Sandy leads you to an excellent article on ED Bites, a weight site I was previously unaware of and have subsequently linked in my Size Acceptance blog roll.

Wednesday, May 09, 2007

Signposts to Sanity

Where your lovin' Granny points you at some other folks' really good stuff.

I'm getting a regional training together for the Teens In Action groups in Juneau, Craig, and Sitka this weekend. So, I'm going to direct you to other people and concentrate all my time on last minute arrangements. And trying to figure out why my e-mails to Sitka didn't arrive and didn't get kicked back so that I would know they hadn't arrived.

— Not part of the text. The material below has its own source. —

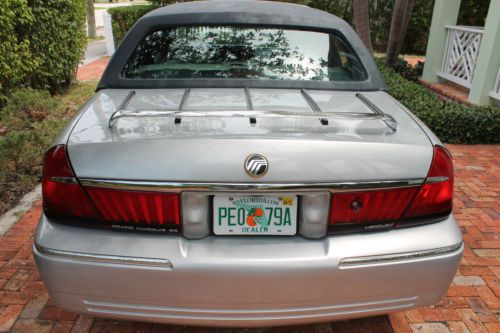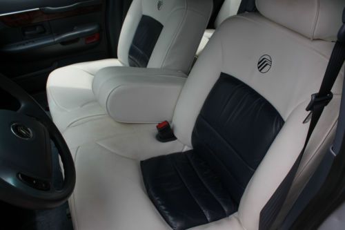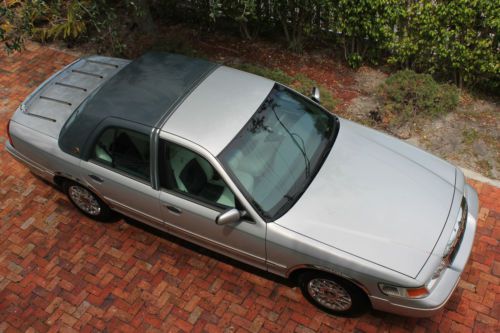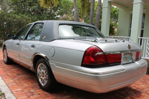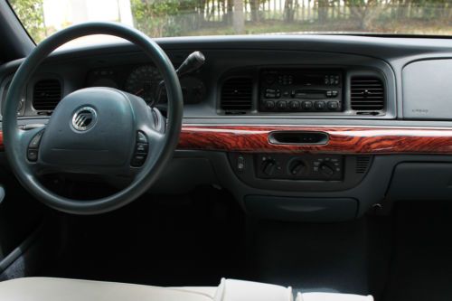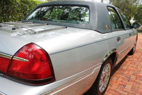 Welcome to a great opportunity. Every once is a while we get that "Little Old Lady, or Little Old Man owned, 1-owner, super low mileage Florida-kept creampuff" and we LOVE passing it along to our wonderful eBay clientele. And this is just such that occasion. You are viewing a very nice, extremely low mileage, Florida-kept and driven 2001 Mercury Grand Marquis Premium Luxury Touring Sedan. When we saw this car, in this condition, we knew we had to have it! You simply do not see them around this nice, with this mileage, very often, if at all. This Grand Marquis GS is extra-clean and priced thousands below what your local Ford-Lincoln-Mercury dealership would want for the same vehicle, assuming they could find one! Certainly an attractive color combination for this executive sedan. It has a wonderful Brilliant Silver Clearcoat Metallic exterior over a designer two-tone Navy Blue and Ivory leather interior, and Navy Blue Landau top. Combined with dealer-installed Chrome wheel trim rings, chrome and color-keyed bodyside molding, chrome wheel covers and thin Navy Blue pinstripe, and Gold Emblem Package, the appearance of this Grand Marquis GS is second-to-none. With a careful, mature previous owner, original Sunny South Florida miles, this beauty certainly stand outs. With only 19,900 original miles, this Mercury runs and drives perfectly. This Designer Edition Luxury Sedan is impressive. It was certainly the model sitting on the showroom floor, fully clad in this wonderful color and trim package. And I am sure at a substantial premium. But someone else's generosity is your good fortune. Don't wait too long, we simply do not see these cars in this condition, upkeep and mileage all too often. This was certainly someone's pride and joy. Most of our cars end with a simple click of the Buy-It-Now, or a call to our sales associate. Don't make the mistake of missing out on this rare find! This Grand Marquis is an absolute pleasure to drive. Completely loaded with full power options, this sedan has a 220-horsepower 4.6 liter V8 mated to a 4-speed automatic transmission with Overdrive. In addition to seating capacity for up to six adult passengers, this Grand Marquis comes nicely equipped with driver's side power seat, air conditioning, cruise control, power controls, an adjustable steering wheel, a remote trunk release, AM/FM/CD audio system, rear window defogger/defroster, intermittent wipers and heated exterior mirrors. Safety equipment includes driver and passenger-side airbags, ABS, Traction Control, factory security system and keyless remote entry, either by remote, or door keypad. The designer Navy and Ivory leather interior is in outstanding condition. As close to new as you could possibly ever ask for. It is roomy and impressive interior cabin for the Grand Marquis, with the light interior accented distinctively by the rich, wood trim and embroidered stitching on the front seats. And the beautiful high-gloss Brilliant Silver exterior finish is in excellent condition and is ding and dent free. The previous owner lived in Fort Myers and this car probably didn't see much Interstate travel at all. There are no rock or pebble nicks on the front of this car, and the finish is beautiful. Remember folks, only 19,000 original, documented miles). It was a garaged vehicle--and it shows. This Mercury Grand Marquis is in the type of condition that you never see at all! The pictures we have taken of the car are how we received the car. No professional detailing, no cleaning of the engine compartment, no high speed buffing and then spray wax to make it shine. No smoke and mirrors here. This is how it came in, and this is how you see it. You can eat off the engine and motor compartment, and you can eat off the undercarriage of this car. The finish is beautiful, and the interior looks as if it has hardly been sat in. The front bumper has a minor scuff on the right side that cam most likely be buffed out, and there is a minor scratch on the rear bumper. Extremely minor, just wanted to make you aware. Same of the chrome bumper trim (which really isn't chrome) its actually chromed plastic. It has some oxidation, obviously due to the age of the vehicle. Again, not a big deal, just want to make you aware. We would like to point out that the car will get professionally detailed by us for the successful new buyer, making it look near showroom. This car has been driven to the tune of about 1,500 miles per year. Just enough to go back and forth to the neighborhood clubhouse of the Country Club and to the local grocery store. A very well maintained vehicle, they serviced their car exclusively at SEARS in addition to the Lincoln/Mercury dealership. The fluids have been completely changed, as well as the windshield wipers, and it has a complete set of nearly-new Michelin Symmetry all-seasons radials all the way around. They are like new with approximately 500 miles on them. And these Michelin's are simply the best! No expense was spared in the upkeep of this car. The maintenance has been great, and this is one of those cars that you can't believe is available. Loaded and it runs and drives superbly. No rattles, shakes, squeaks, bumps or bruises. Everything works perfectly and properly, and all it needs now is a new home. You should be starting to get the picture here folks. Outstanding appearance and regular maintenance of this luxury sedan. Who will be the lucky, and I do mean very lucky, new owner. Very clean interior and the wood accents really define this ultra-luxurious interior. This is a great car! With a 220 hp V8 this luxury sedan really moves! And, if you live in the North East, don't worry about it. This Grand Marquis GS is equipped for any driving condition. With Traction Control and heated mirrors, winter driving is a breeze! We have this extremely attractive and extremely low mileage Designer Edition 2001 Mercury priced incredibly for a fast sale. Lowest priced in the country for this year and mileage. All

Over at Junkfood Science, on May 8, Sandy Szwarc discussed how risk factors frighten us in her post The Greatest Myth of Health Risk Factors
Why do studies continue to find that health risk factors don’t actually predict who will succumb to disease or die early?
***
The answer comes down to what we’ve been misled to believe about risk factors. These misconceptions are the key to successfully scaring us about our health, food and life; the key to compelling us to do things proactively “for our health” that don’t really make all that much difference; and the key to identifying and blaming “bad” people, foods and lifestyles.
***
Dr. Malcomb Kendricks, Medical Director of Adelphi Lifelong Learning, Cheshire, UK, estimates that about 1,000 risk factors have now been identified for heart disease. And there are countless numbers for cancer. Just about everything, it seems, can cause cancer. Wearing a bra is a risk factor for breast cancer, wearing boxers a risk factor for prostate cancer, and eating (anything!) is a risk factor for most everything. Consuming a lot or too little garlic, red wine, chocolate, fat, red meat, whole grains, sugar, or produce; and having migraines, bad teeth, pot bellies, dark skin and big noses — have all been made a risk factor for something. And they’re sure to change tomorrow. It’s little wonder that we’re all nervous wrecks.
***
All that the term “risk factor” means is that a researcher has found a correlation between two variables. We get risk factors from epidemiology. And it’s easy to take a group of people and pull out endless correlations between those with and without some disease and produce another health “risk factor.” And something else to scare us with.
***
Remember: a risk factor is just a correlation.
***
The public has been convinced, however, to give risk factors such importance that it’s affected our very concept of what it means to be healthy. Rather than realize that most of us are healthy most of the time and only occasionally get sick and then get better again; it’s become widely believed that healthy young people need regular medical attention and constant diligence to stay healthy because we’re all at risk.
Then go to the Alternet article on Rosie O'Donnell by Jeanine Plant to look at just what makes this very opinionated star so very popular. Perhaps being true to yourself is appreciated by the public.
That she attracted the ire of Tom Delay, managed to stir up controversy with the Donald Trumps of the world, and often gets the conservative media machine in a tizzy bespeaks her power. That such a progressive force is in such high demand and so threatening to conservative men is a happy reminder that the sea change we saw last November is real and not going away, even though she is.
And then take a trip to CommonDreams.org and read Lee Iaccoca's Where Have All The Leaders Gone?.
Am I the only guy in this country who’s fed up with what’s happening? Where the hell is our outrage? We should be screaming bloody murder. We’ve got a gang of clueless bozos steering our ship of state right over a cliff, we’ve got corporate gangsters stealing us blind, and we can’t even clean up after a hurricane much less build a hybrid car. But instead of getting mad, everyone sits around and nods their heads when the politicians say, “Stay the course.”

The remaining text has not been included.